Throughout her various breakdowns and the times she lashes out or even seems to lust for Orlok, Ellen is a perfect example of complex PTSD. While cinema is so used to depictions of sexual assault victims being meek and sad, that’s too simple. The impact of sexual assault, or any trauma, is messier. It can make a person angry, sad, hypersexual, guarded, scared, scary. It can make a person want to run into the arms of the person who attacked them because maybe it feels darkly comforting, or maybe they feel that’s all they deserve, like Ellen, who has become utterly convinced that she is cursed or unclean, eventually surrendering herself as she blames herself for the plague set upon her friends and city.

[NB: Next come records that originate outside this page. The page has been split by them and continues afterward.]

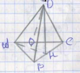 Для нахождения расстояния от точки \(D\) до стороны треугольника (\(DH\)), где \(H\) — проекция \(D\) на сторону, снова используем теорему Пифагора: \(DH^{2} = DO^{2} + OK^{2}\). Подставляя значения, получаем \(DH^{2} = (2\sqrt{3})^{2} + (\sqrt{3})^{2} = 4 \cdot 3 + 1 \cdot 3 = 12 + 3 = 15\), значит \(DH = \sqrt{15}\). Расстояние от точки \(D\) до центра треугольника по условию \(DO = 2\sqrt{3}\).
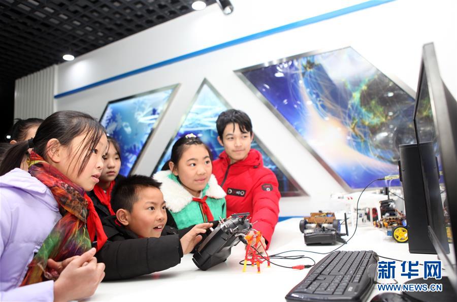 12月21日,小学生们参与模拟飞行体验。 新华社发(陈仕川 摄)
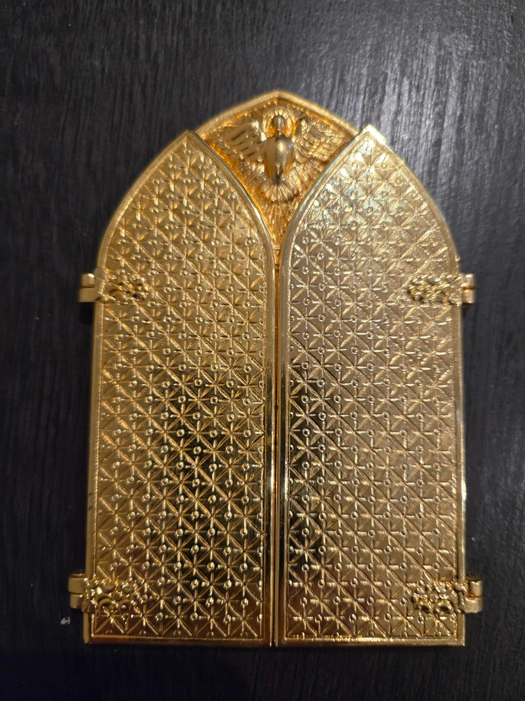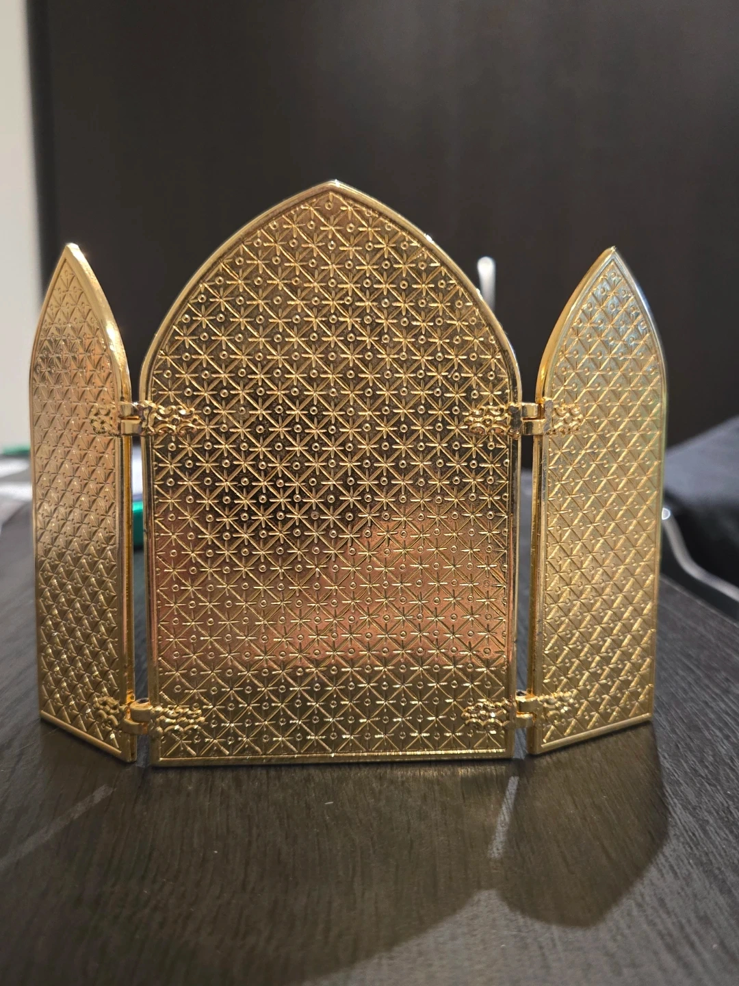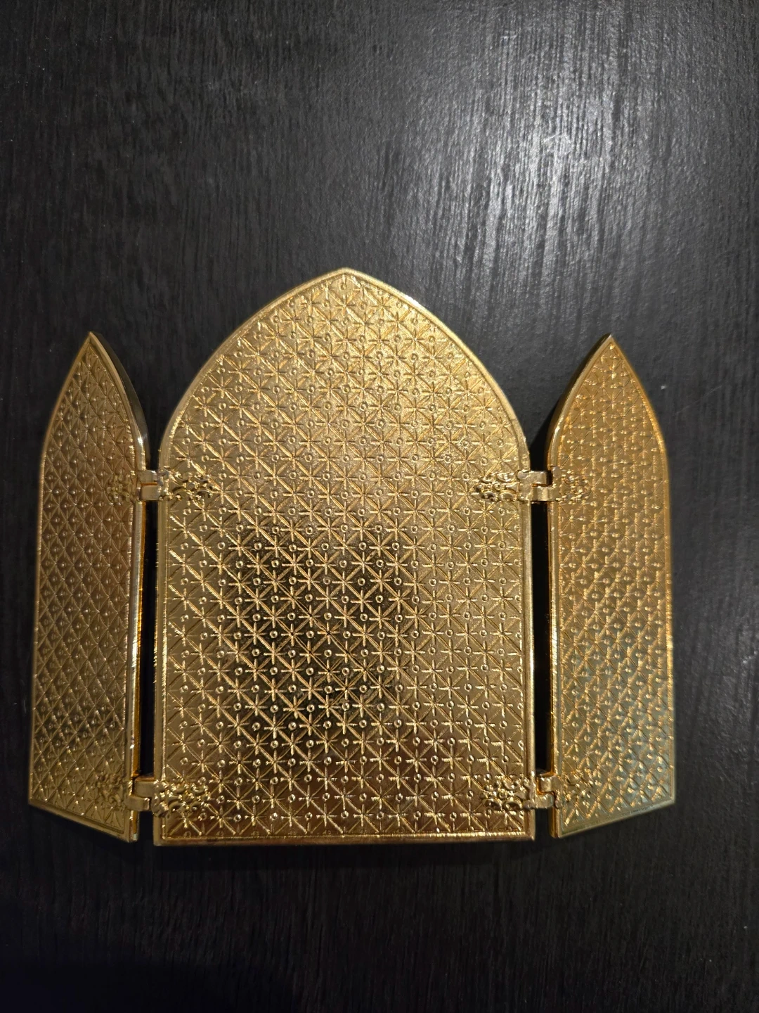 This Beautiful Rare Triptych is hand inlaid with 22Kt yellow thread and 18kt green, if it represents the Nativity scene.
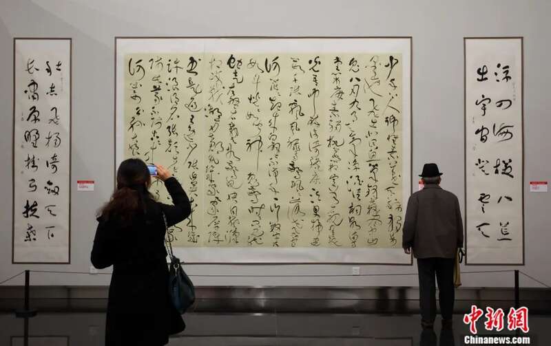 参观者在观看以李白诗文为内容的草书作品。泱波 摄
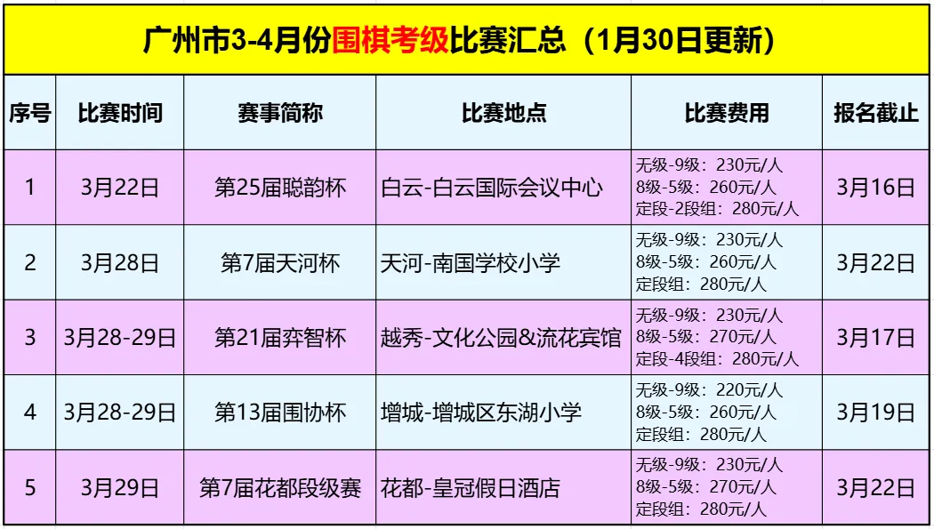 广州市3-4月围棋考级比赛汇总(1月30日更新)

But as Eggars points out, by starting the film with Ellen’s attack and by dedicating so much screen time to her in varied states of distress as well as resolve, strength and kindness, she is more than Orlok’s “affliction” or a doomed love interest hungering for darkness; she’s a person complexly impacted by his violence. Or, as her friend so beautifully puts it, “She is blameless of her malady,” as a Victorian way of saying she stands with Ellen as the victim of Orlok’s assault.